Sean Miller and Archie Miller, even though their teams now play a similar brand of basketball – pack-line defense, obsessive offseason focus on shooting, valuing ball movement and team chemistry – were extremely different as players. Sean was quiet but lethal, a pass-first point guard who didn’t betray emotions but who could tear your heart out. Archie was a gunner, the smaller, spunkier player who wore his emotions on his sleeve.
John Miller always knew Sean would go into coaching: The quieter, more analytical mind seemed like a perfect fit. Archie? He wasn’t so sure. The kid was such a competitor, but he wasn’t sure he had the focus to stick to the monotony of developing players. Turn coaching into a competition, though, and Archie became a natural.
“A guy like Arch comes in there, it’s no nonsense,” John Miller said. “He fits right in with those people in Dayton because he just feels same way as they do: ‘I’m at Dayton, and we’re going to win this thing.’ ”
You know about the Cameron Crazies and all their body paint, about their campouts outside Cameron Indoor Arena, about their cult-like worship of Coach K. You know about Big Blue Nation, the nation’s most intense and paranoid fan base, about Kentucky fans obsessing over one early-season loss or about one big-time recruit signing elsewhere.
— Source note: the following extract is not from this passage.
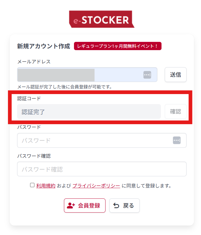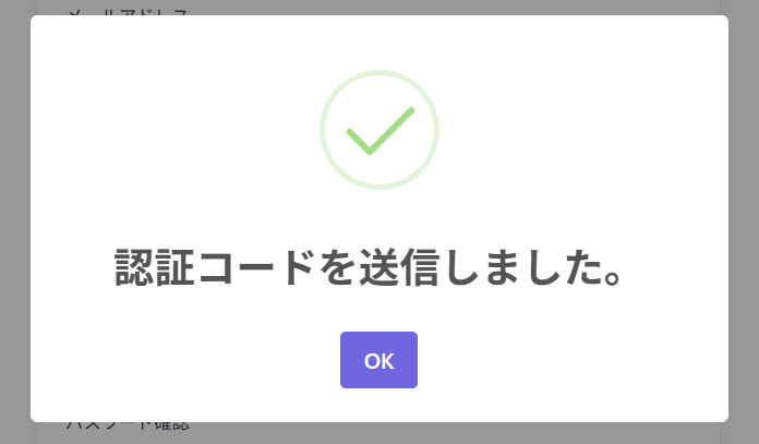 上記の画像が表示されたら、登録したメールアドレスの認証コードを確認してコピーしましょう。

You know about Indiana fans and their candy-stripe pants, and Louisville and the fan base that consistently ranks as the nation’s best in marketing studies, and about Syracuse, where an entire region seems to pack into the Carrier Dome to escape the frigid dreariness of upstate New York in February.
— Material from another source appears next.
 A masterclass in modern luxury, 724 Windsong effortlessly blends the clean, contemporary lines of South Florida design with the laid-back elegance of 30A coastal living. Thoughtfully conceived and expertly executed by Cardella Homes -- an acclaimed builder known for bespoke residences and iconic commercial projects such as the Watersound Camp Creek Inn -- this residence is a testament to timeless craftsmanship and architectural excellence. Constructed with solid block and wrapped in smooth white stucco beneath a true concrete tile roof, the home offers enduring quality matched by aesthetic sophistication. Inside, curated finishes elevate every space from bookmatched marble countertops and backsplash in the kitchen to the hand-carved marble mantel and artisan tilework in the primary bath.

But what do you know about the University of Dayton?
Did you know that when Dayton went to its NIT title game back in 1951 the train station in town was jam-packed with fans, a mass exodus from Dayton to Madison Square Garden to watch their boys play?
Did you know that when the university’s old field house opened back in the 1950s, the school had to bring in extra bleachers from the football stadium to accommodate overflow crowds, and then the place sold out for the next two decades?
Did you know that Dayton is a city of inventors – the Wright Brothers, of course, but also the man who invented leaded gasoline and the electrical starting motor and Freon, as well as the man who invented the pull-tab for aluminum cans – and that the city’s history of innovation and creative thinking has been cited as one reason why the Flyers took a chance on first-time head coach Archie Miller?
Did you know that, despite one four-win season and one six-win season in the 1990s and a two-year stretch in which the Flyers won one conference game, season ticket sales – tickets that have in some cases been passed through three generations of families – barely dipped?
Did you know that this place once had one of the best job markets in the nation –more General Motors divisions than any place outside Detroit, the headquarters for Mead Paper Company, and 20,000 jobs at National Cash Register – before America’s manufacturing job market dried up and punched the Rust Belt in the gut?
And did you know that that blue-collar mentality still thrives in Dayton, just like it does in Pittsburgh, the place Archie Miller is from? And that Dayton natives like Dave Gasper, who used to own a successful software company here, believe Archie Miller’s status in this community has to do more with how his teams play basketball – not flashy, not self-promoting, always diving for loose balls – than with how many games they win?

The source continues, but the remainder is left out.